Raymond Côté, Ambassadeur des vins du Beaujolais au Québec, a émis un communiqué fort intéressant. On y apprend que le concours International Wine Challenge de Londres était le plus prestigieux concours dans le monde. Il rassemble environ 40 000 échantillons dégustés à l’aveugle, provenant de toutes les régions viticoles de la planète.
C’est la première fois qu’un vin du Beaujolais reçoit un tel honneur de « champion du monde ». M. Côté déclare que cette confirmation, pour le vin du Domaine de la Madone du couple Després, montre bien que les crus du Beaujolais peuvent rivaliser avec tous les grands vins de la planète.
Adieu à un très grand vigneron
Un grand viticulteur n’est plus. Didier Dagueneau a perdu la vie, le 17 septembre, dans un accident d’ULM (ultra léger motorisé). Il était un innovateur et, à travers le monde, on le considérait comme un sinon « le plus célèbre vigneron français, tous vins blancs confondus ».
Il avait un domaine en terroir de Pouilly Fumé, en Val de Loire. On estime qu’il a dynamisé la viticulture.
On le surnommait le « provoc » pour certaines de ses sorties médiatiques.
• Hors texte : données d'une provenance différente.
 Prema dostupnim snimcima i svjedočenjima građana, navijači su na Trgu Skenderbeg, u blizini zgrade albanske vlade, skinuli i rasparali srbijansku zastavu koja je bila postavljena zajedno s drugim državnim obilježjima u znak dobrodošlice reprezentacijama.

Je l’avais rencontré, il y a plusieurs années, en compagnie de Jean Parent de l’agence Réserve et Sélection. C’était un gaillard tout d’une pièce arborant une longue barbe et une chevelure à l’avenant un peu style « Grand Antonio », vous voyez le genre. Mais ses vins… une merveille, une splendeur.
Il donnait à ses vins des noms très remarqués et marquants : Pouilly-Fumé « astéroïde » - « Buisson Renard » - « Pur Sang » - « Silex » - « Monts Damnés ». Le seul vin, semble-t-il, disponible à la SAQ serait le Blanc-fumé-de-Pouilly, 2004 -- 10556820 – 60,00$. On dit que les vins de Dagueneau sont « les ambassadeurs de ce que la viticulture offre de meilleur aux amateurs avides d’émotions et de plaisirs à l’infinie diversité. » Une grande perte. Souhaitons que son œuvre et ses vins lui survivent.
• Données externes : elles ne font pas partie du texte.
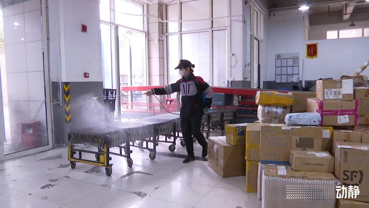 在金利大厦顺丰点位,站内已经被各类快件填满,快递小哥正在进行货物分拣、场地消杀等工作。据点位负责人介绍,站上每天进出的快递他们都会进行三次消杀。

La Fratrie des Enchanteleurs de Champagne
Fondée il y a un an, environ, cette confrérie bachique de la région de Québec, a réuni ses membres récemment, au restaurant l’Utopie de la rue Saint-Joseph, dans le Nouveau Saint-Roch. On y a dégusté 6 beaux champagnes, accompagnés de délicieuses bouchées toutes plus attrayantes et savoureuses les unes que les autres.
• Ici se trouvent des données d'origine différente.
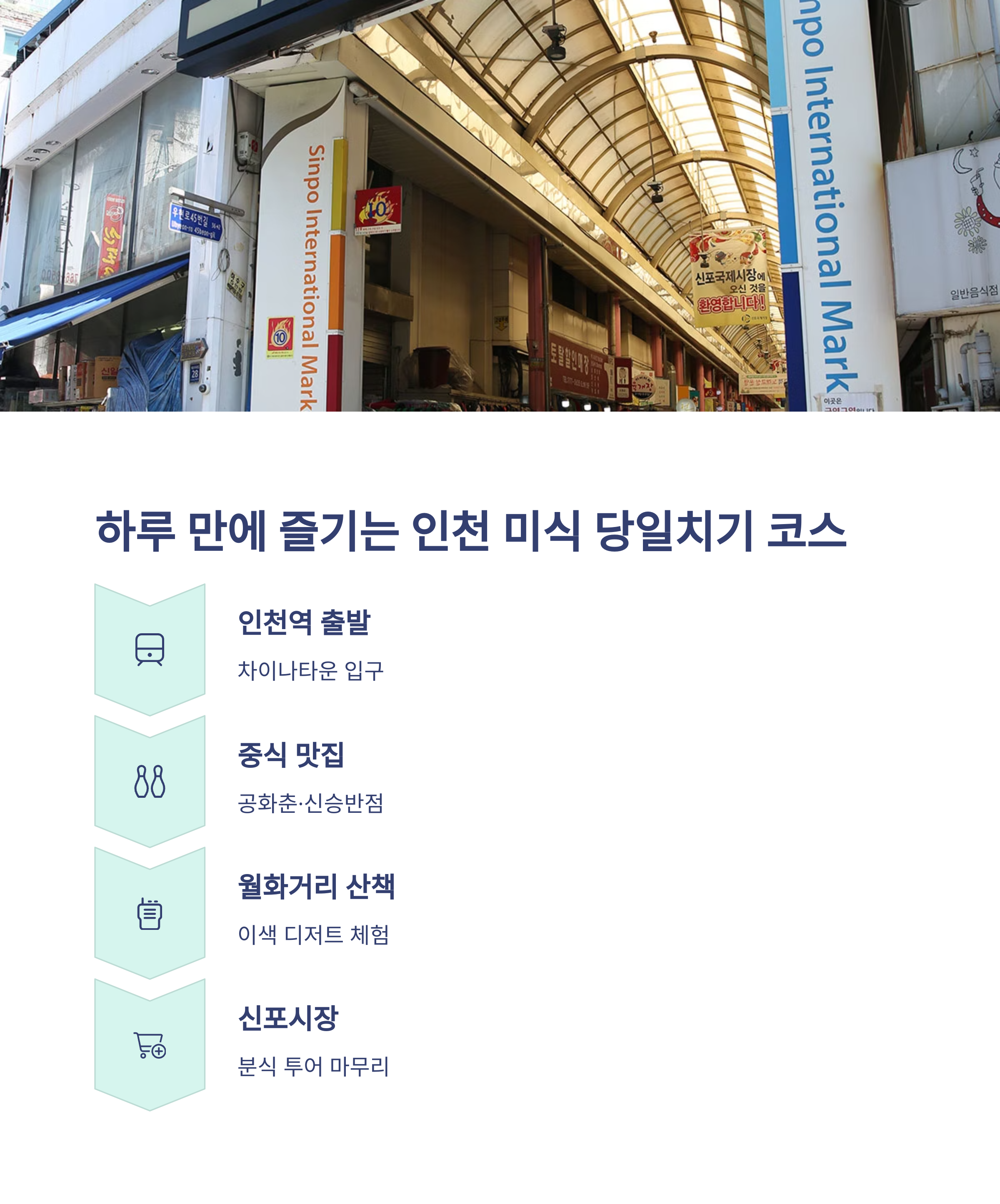 | 코스 구성 | 차이나타운 중식 맛집 → 거리 간식 → 월화거리 산책 → 신포시장 먹거리 탐방 |

Parmi les liquides versés il y avait Jérôme Prévost, R & L Legras, Marguet Père et Fils, Pannier, Drappier. Je ne crois pas qu’on puisse trouver ces champagnes au Québec. Si vous allez en Ontario, peut-être les retrouverez-vous… Ce fut une très pétillante soirée. Le Grand Maître, Jean-Pierre Tremblay, créateur et fondateur de la Fratrie en a profité pour introniser de nouveaux membres et en faire passer d’autres à des grades supérieurs.
Durant l’intronisation, les impétrants ont entendu les admonitions et recommandations du Grand Maître en ces mots : « Comme les initiés naguère, instruits de sa magie (Le champagne) et de son mystère, vous révélerez les vertus de ce prodigieux liquide.
« Il donne de l’esprit aux fillettes candides,
Il console, il guérit, car c’est un enchanteur,
qui met l’éclair aux yeux,
qui chasse l’humeur noire,
réveille les chansons au fond des mémoires
et pare l’avenir d’un doux charme menteur!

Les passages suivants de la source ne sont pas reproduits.